> [EXERCISE DIRECTIONS]: No pictures belong in the copy. Restate the rest of the data exactly.

> [DATA PROVIDED]:
==================================================

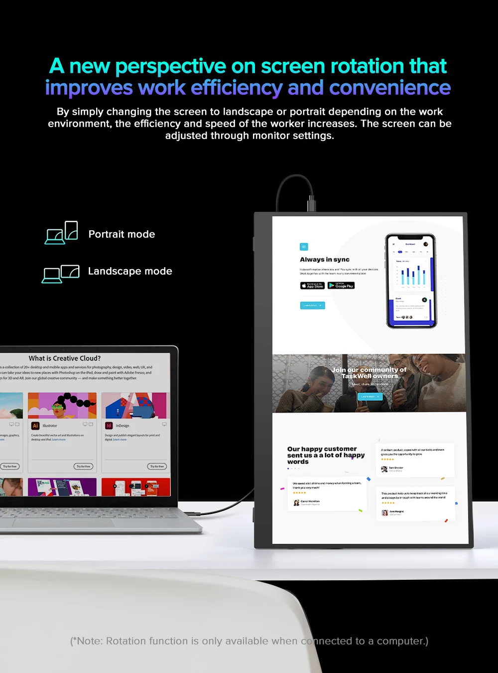 Please check the Type-C port of your PC/Laptop whether it supports the transmission of audio and video signals (Thunderbolt3). If it doesn't, you'll need a "Type-C to HDMI" adapter for signal transmission.
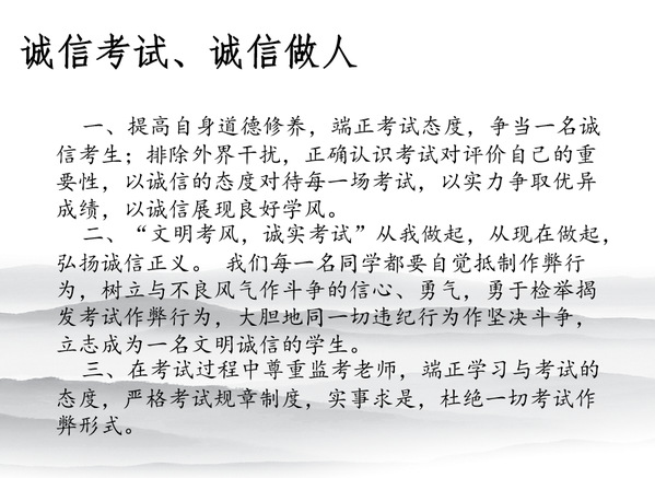 全体班主任动足脑筋,精心准备,有的制作了精美的ppt,通过案例开展班会课;有的是发起讨论话题,同学们积极发言,一致表示要严格自律,诚信考试;有的是通过集体宣誓的形式,营造了浓浓的诚信氛围……各班形式多样,主题鲜明,效果明显。
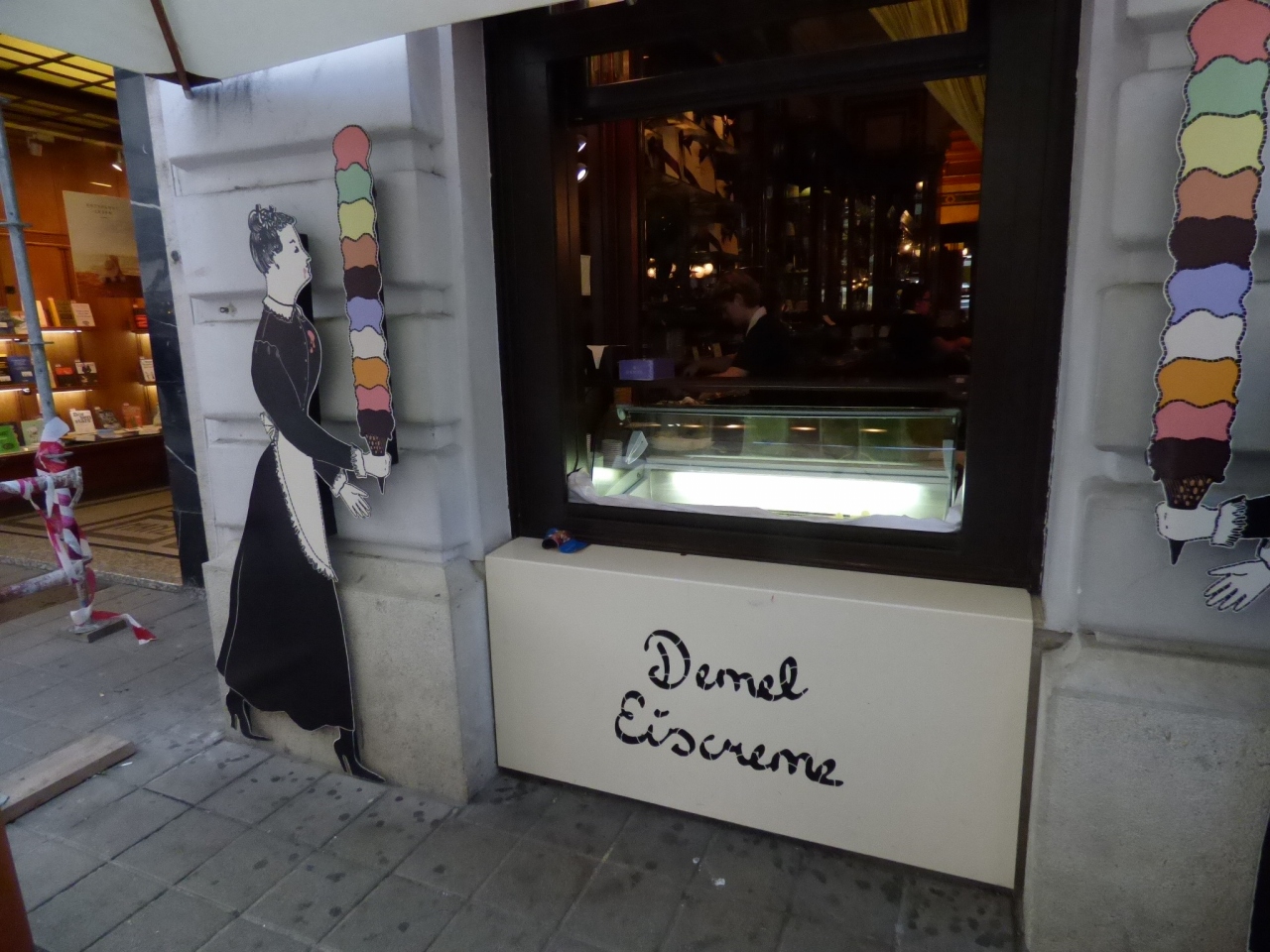王宮を見学したあと、コールマルクト通りに面するデーメルに行ってみました。前日にカフェザッハーでザッハートルテを食べていたので、評価を二分する名店であるデーメルでも食べたいと思っていましたが、このお店はやはり混雑が激しい。結局アイスのテイクアウトになりました。
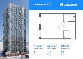 Строим кварталы для жизни с заботой о будущем. Предлагается 1-комнатная квартира комфорт-класса 47,6 кв.м в корпусе 1.1 на 24 этаже, в ЖК "Сабанеева 125"

==================================================

> [YOUR RESPONSE]:
 Please check the Type-C port of your PC/Laptop whether it supports the transmission of audio and video signals (Thunderbolt3). If it doesn't, you'll need a "Type-C to HDMI" adapter for signal transmission.
 全体班主任动足脑筋,精心准备,有的制作了精美的ppt,通过案例开展班会课;有的是发起讨论话题,同学们积极发言,一致表示要严格自律,诚信考试;有的是通过集体宣誓的形式,营造了浓浓的诚信氛围……各班形式多样,主题鲜明,效果明显。
王宮を見学したあと、コールマルクト通りに面するデーメルに行ってみました。前日にカフェザッハーでザッハートルテを食べていたので、評価を二分する名店であるデーメルでも食べたいと思っていましたが、このお店はやはり混雑が激しい。結局アイスのテイクアウトになりました。
 Строим кварталы для жизни с заботой о будущем. Предлагается 1-комнатная квартира комфорт-класса 47,6 кв.м в корпусе 1.1 на 24 этаже, в ЖК "Сабанеева 125"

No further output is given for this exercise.